▶ **Records for the exercise**
────────────────────────────────────────

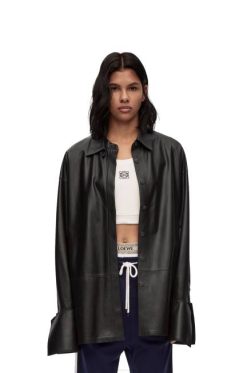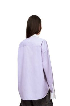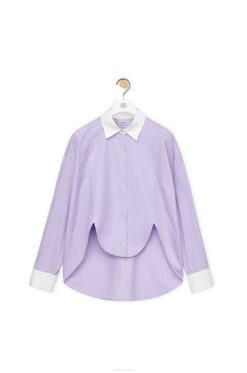 lilás/branco 80ZJ891 mulheres camisa assimétrica listrada em popeline de algodão listrado Loewe
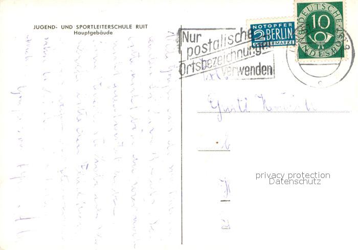 73749712 alte Postkarte Ruit Bretten Jugend und Sportleiterschule Ruit Hauptgebaeude postalisch gelaufen Erhaltung siehe scans [WerneD78] KatCode: 11110008215007
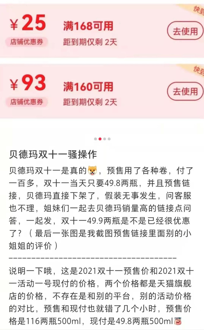 此外,现货价格比直播间预售价格便宜的现象也并非只发生在欧莱雅店铺,有网友指出,她在李佳琦直播间花了116买到了两瓶贝德玛卸妆水,然而品牌私自放券只需要49.8就能买到两瓶卸妆水,差价有一倍之多。类似的例子不胜枚举。
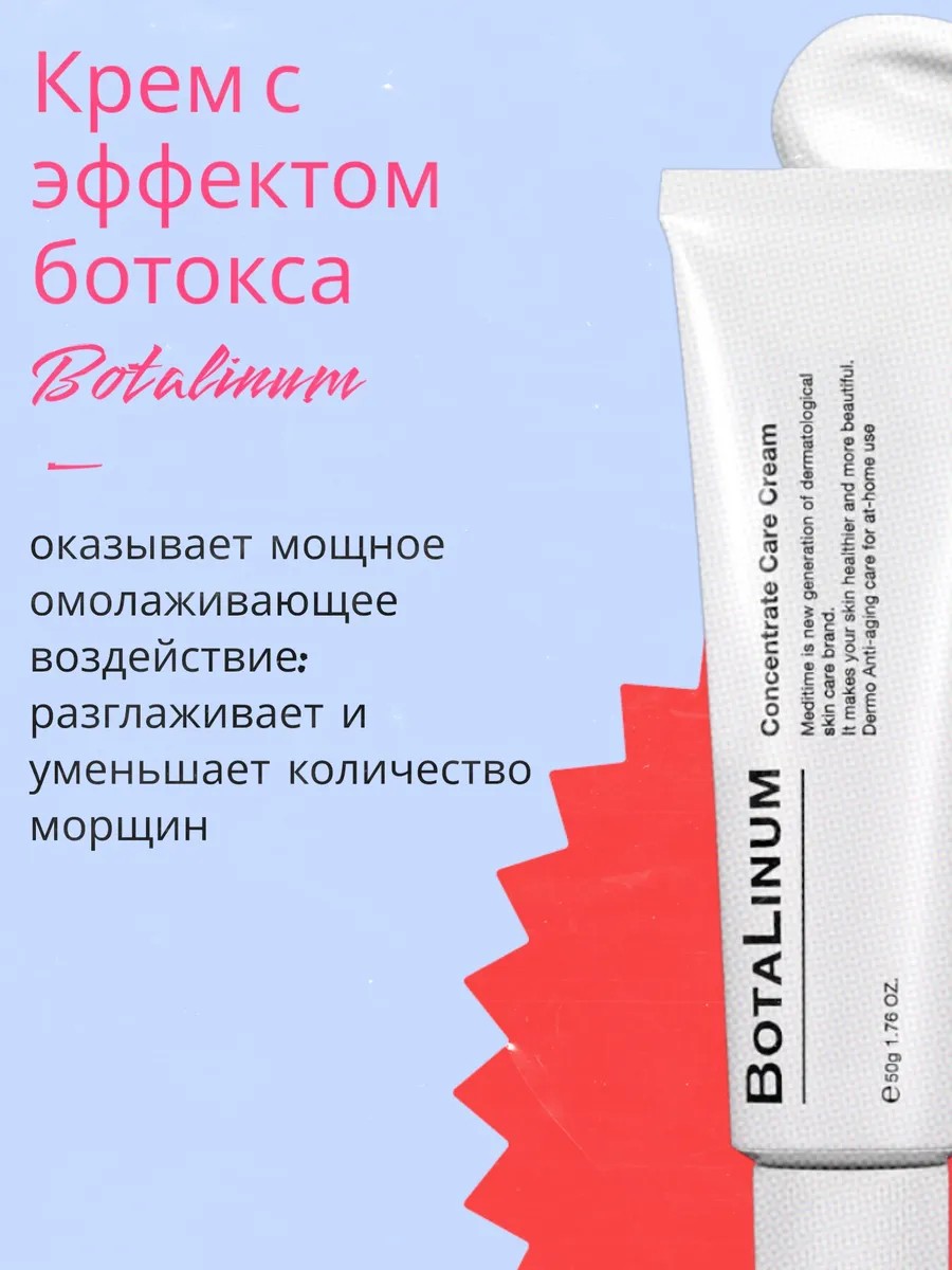 Крем Meditime Botalinum Concentrate Care Cream от Meditime создает эффект ботокса и предназначен для интенсивного ухода за лицом. Средство рассчитано на особенности возрастной, увядающей кожи. Оно совершенствует овал лица, борется с морщинами, разглаживая покровы, зримо омолаживает.
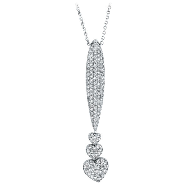 Picture of 14K White Gold 1.0ct Diamond Dangling Triple Heart Pendant On Cable Chain Necklace
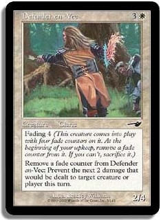 Fading 4 (This creature comes into play with four fade counters on it. At the beginning of your upkeep remove a fade counter from it. If you can't sacrifice it.) Remove a fade counter from Defender en-Vec: Prevent the next 2 damage that would be dealt to target creature or player this turn.
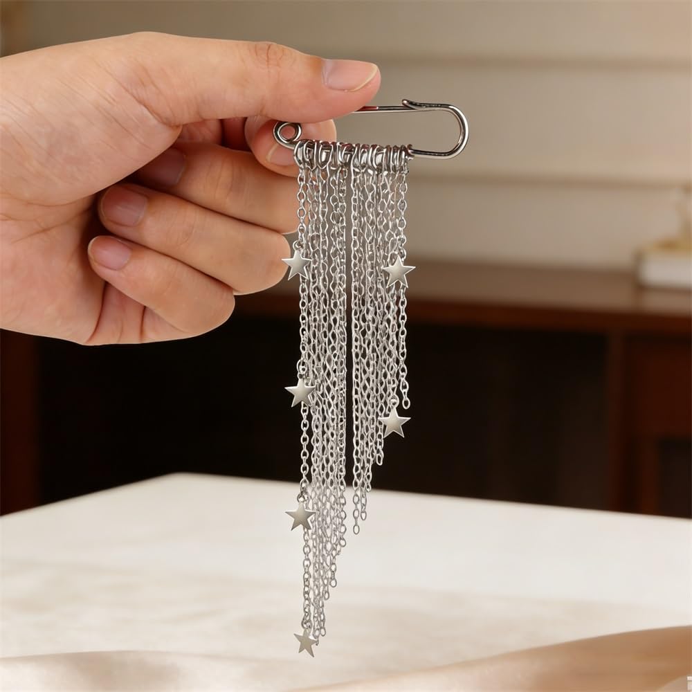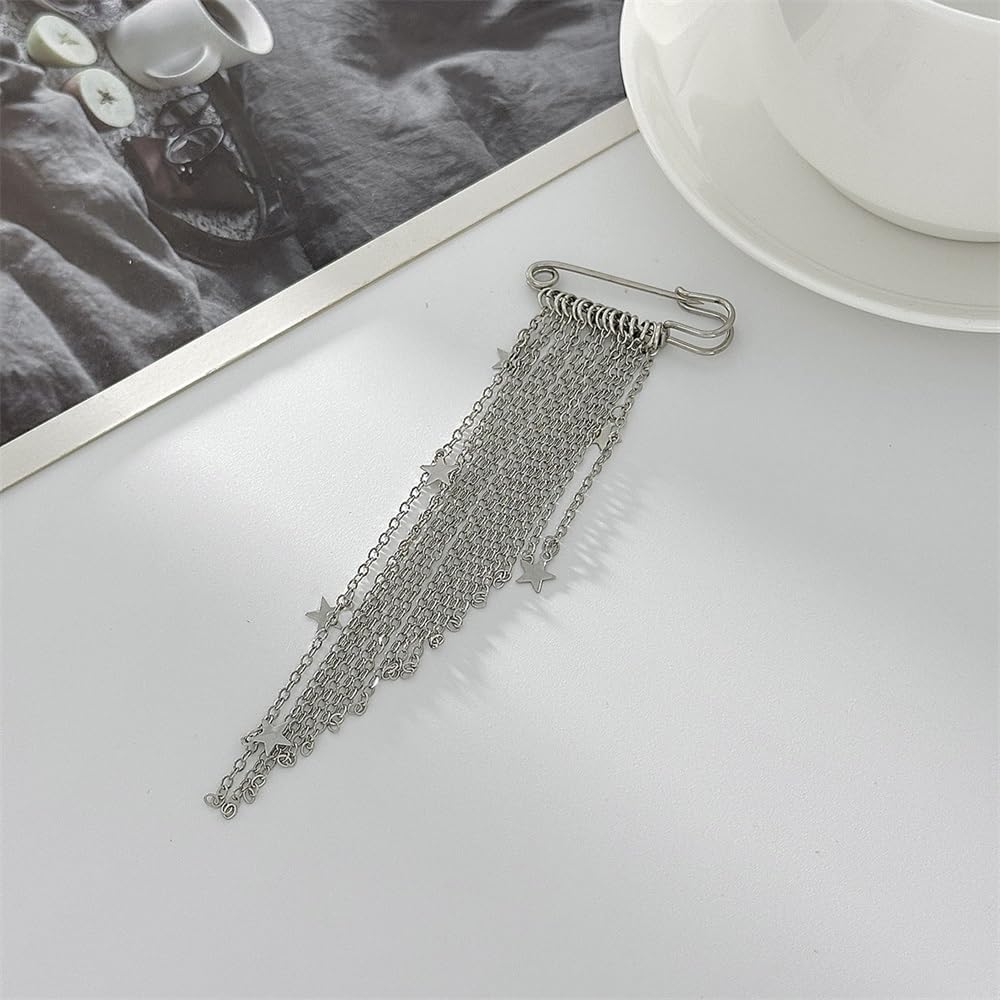 Product Name: Brooch Pins with Metal Chain Star Tassel

────────────────────────────────────────

▶ **What you should do**
Reproduce the data above exactly, leaving each picture out.

▶ **Exercise output**
 lilás/branco 80ZJ891 mulheres camisa assimétrica listrada em popeline de algodão listrado Loewe
 73749712 alte Postkarte Ruit Bretten Jugend und Sportleiterschule Ruit Hauptgebaeude postalisch gelaufen Erhaltung siehe scans [WerneD78] KatCode: 11110008215007
 此外,现货价格比直播间预售价格便宜的现象也并非只发生在欧莱雅店铺,有网友指出,她在李佳琦直播间花了116买到了两瓶贝德玛卸妆水,然而品牌私自放券只需要49.8就能买到两瓶卸妆水,差价有一倍之多。类似的例子不胜枚举。
 Крем Meditime Botalinum Concentrate Care Cream от Meditime создает эффект ботокса и предназначен для интенсивного ухода за лицом. Средство рассчитано на особенности возрастной, увядающей кожи. Оно совершенствует овал лица, борется с морщинами, разглаживая покровы, зримо омолаживает.
 Picture of 14K White Gold 1.0ct Diamond Dangling Triple Heart Pendant On Cable Chain Necklace
 Fading 4 (This creature comes into play with four fade counters on it. At the beginning of your upkeep remove a fade counter from it. If you can't sacrifice it.) Remove a fade counter from Defender en-Vec: Prevent the next 2 damage that would be dealt to target creature or player this turn.
 Product Name: Brooch Pins with Metal Chain Star Tassel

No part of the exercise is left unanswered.